Fig. 5 shows the comparison between the experimental (green lines) and the computational IR spectra. As already noticed in Fig. 3 for [C4mim]BF4, all FFGenOpt optimized spectra (blue lines) have a significantly improved agreement with the experimental spectrum compared to the original force field in red. This applies to the peak positions and their shape. Only the IR spectrum of [C2mim]OTf in Fig. 5a misses some important peaks around 1200 cm−1. An MD simulation based on ML potentials (orange line) is more capable of capturing the main features of the experimental spectrum between 1300 cm−1 and 1000 cm−1 in case of [C2mim]OTf and thus may be a promising alternative to polarizable FF simulations.


image file: d3cp00932g-f5.tif
Fig. 5 Comparison of experimental and computational IR spectra of (a) [C2mim]OAc, (b) [C2mim]OTf and (c) [C2mim] N(CN)2 in the liquid phase.

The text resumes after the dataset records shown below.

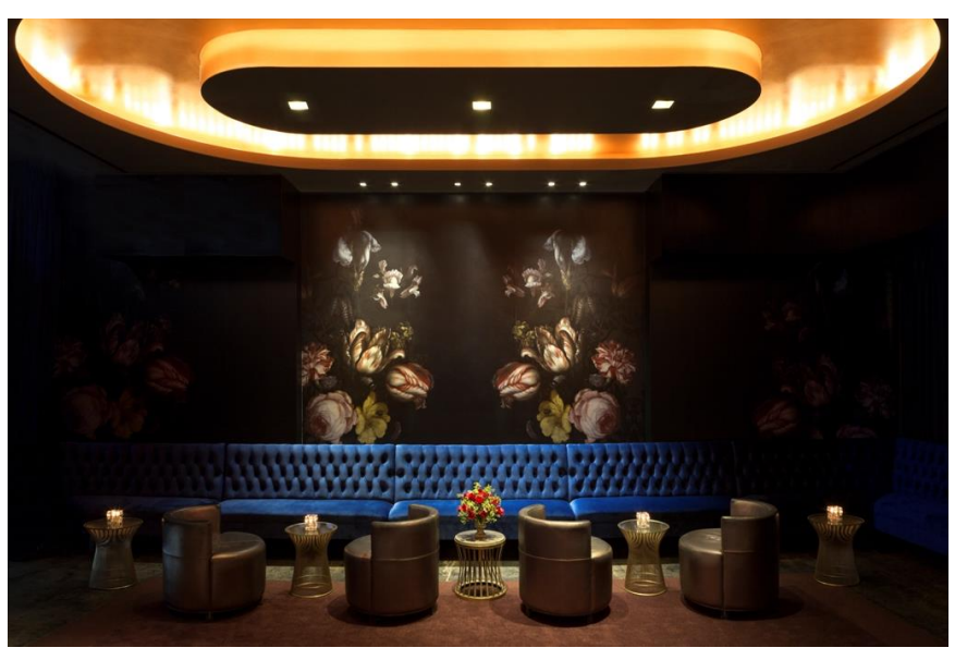
The VIP area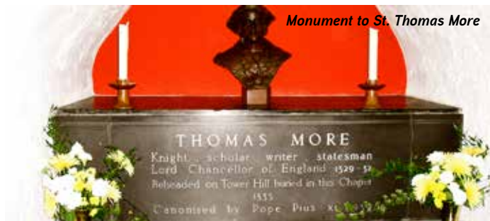
Monument to St. Thomas More

This morning we will begin on the Chelsea estate of St. Thomas More, where we can still see the mulberry tree planted by St. Thomas in what is now the garden of Allen Hall, the Seminary for the Diocese of Westminster. Proceed to Crosby Hall and view from the outside More's former London home, relocated and reconstructed in the 20th century. Visit Chelsea Old Church, site of the More family tomb, and the famous statue of St. Thomas More, commemorating him as "saint, scholar, and statesman." This afternoon, we will enjoy a tour of important London sites in St. Thomas More's early life, beginning with a journey down Milk Street, where he was born on February 7, 1478. Visit the church of St. Lawrence Jewry, the parish church of the More family, where St. Thomas lectured on St. Augustine's City of God. Continue to the Guildhall (subject to availability), London's oldest secular building, which sits on top of London's largest medieval crypt, housing a beautiful stained-glass window of St. Thomas. (B, D, Mass, CLE)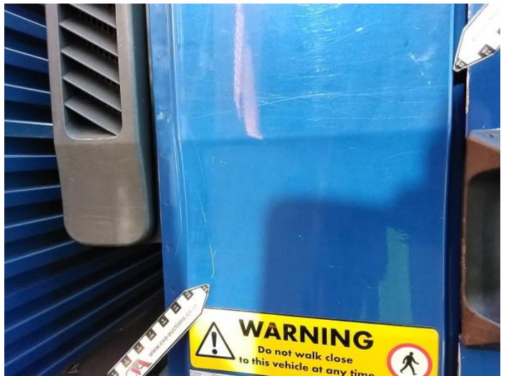
6: B Post os Scratched Over 25mm Thru Paint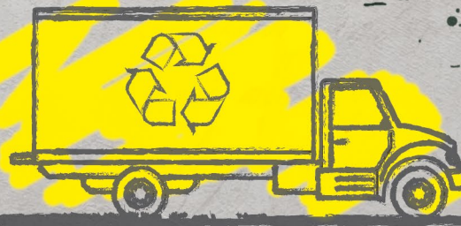
3. Ship & Recycle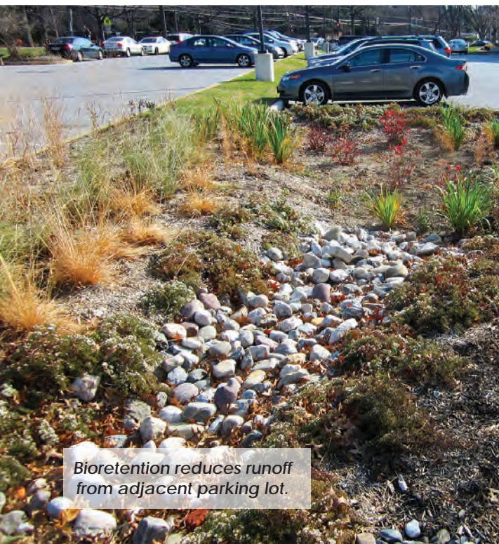
Bioretention reduces runoff from adjacent parking lot.

DDOE is hard at work to restore full use of the Anacostia and Potomac Rivers and Rock Creek to District residents, visitors, and businesses. The SRC trading and RiverSmart Rewards programs are important parts of that effort.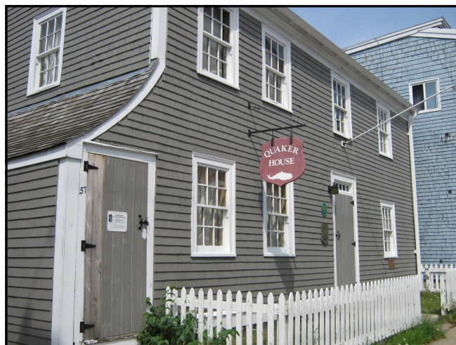
The Quaker Whaling House, Dartmouth, N.S.

ML + FF (red curves) spectra are obtained from simulations where FF and ML potentials are equally mixed.

Despite being smaller by a factor of 50 in size, the computational cost of the ML-based potentials is more than one order of magnitude higher, limiting its general applicability. Additionally, some chemical elements like boron are not available in ANI-2x.62 Consequently, polarizable FF simulations and ML potentials have to be mixed. In the case of [C4mim]BF4, the forces on the imidazolium are computed via the ML potentials, and the FF propagates the BF4 anions. Interestingly, this combination shifts the BF4-peak very close to the experimental IR frequency of 1050 cm−1 although the anions were described by the polarizable FF and not the ML-based potential (see ESI).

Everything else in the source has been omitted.